More than a dozen times in my ministry, I have had the experience of walking with congregations through closure and dissolution. It is a privilege to sit with a session as they pray, grieve, and faithfully discern a difficult future. In Ending with Hope, Beth Ann Gaede reminds us that churches, like people, “are born, grow, age, get sick, may recover, and die.” Presbyterians speak of the closing of a church as a dissolution. When done well, a congregation’s life does not simply end; its resources are released into the wider church and community, where resurrection can be cultivated, and new life emerges in unexpected ways. In my experience, churches rarely close because they lack money. Far more often, they close because they no longer have the physical or emotional energy required to continue.

Energy is important.

In the life of the presbytery, I see energy emerge when pastors, chaplains, and institutional leaders gather together. A recent gathering hosted by Jana Blazek at Corner Bakery offered space simply to be present with one another, to laugh, to be encouraged, and to remember that none of us practices ministry alone on an island. A similar dynamic unfolds at Presbytery assemblies, where worship, decision-making, learning, and fellowship intertwine. Our vision statement carries the tagline Connecting people, churches, and neighbors in Christ. Lately, I’ve been offering another tagline that captures what happens when we gather: We have fun! And that is more important than we sometimes admit.

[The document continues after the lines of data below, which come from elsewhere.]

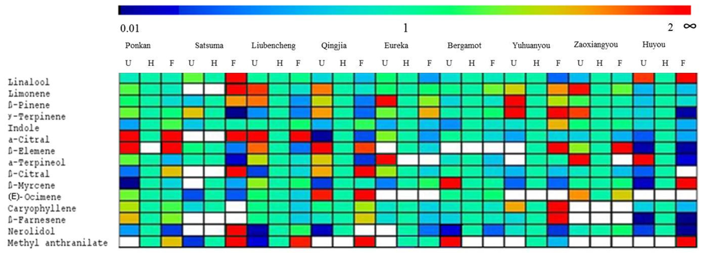 Ratio of major flower volatiles in either unopened (U) or fully opened (F) to half opened (H) flowers from nine citrus cultivars. Color code shown above the figure: red shows high, blue low. The blank cells indicate volatiles that were absent.
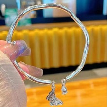 批发蝴蝶结铃铛银手镯女小众甜美在逃公主波浪开口镯子送女友代发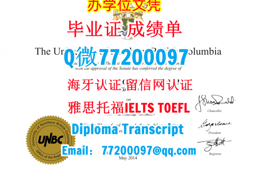 UNBC文凭证书办理北英属哥伦比亚大学文凭成绩单Q/微:77200097有UNBC学位证书精仿UNBC毕业证书能办UNBC成绩单制作北英属哥伦比亚大学文凭证书offer雅思托福University of Northern British Columbia Diploma Degree Transcript

We are living in a season with more problems than solutions, more challenges than consensus. Much of ministry, perhaps seventy-five percent of it, lives in the daily grind of crisis response, administrative drag, and competing demands. That work is real, necessary, and often exhausting. But there is also the other twenty-five percent, the part that generates joy, play, laughter, creativity, and renewal.

Here’s some encouragement for you: focus on what brings you energy and make room for it. This is a wonderful act of faithfulness. Energy isn’t something we can afford to ignore in ministry; it’s a clear sign of life. Caring for it might be one of the most faithful ways we can nurture our calling for ourselves, for the church, and for the gospel that’s still growing among us.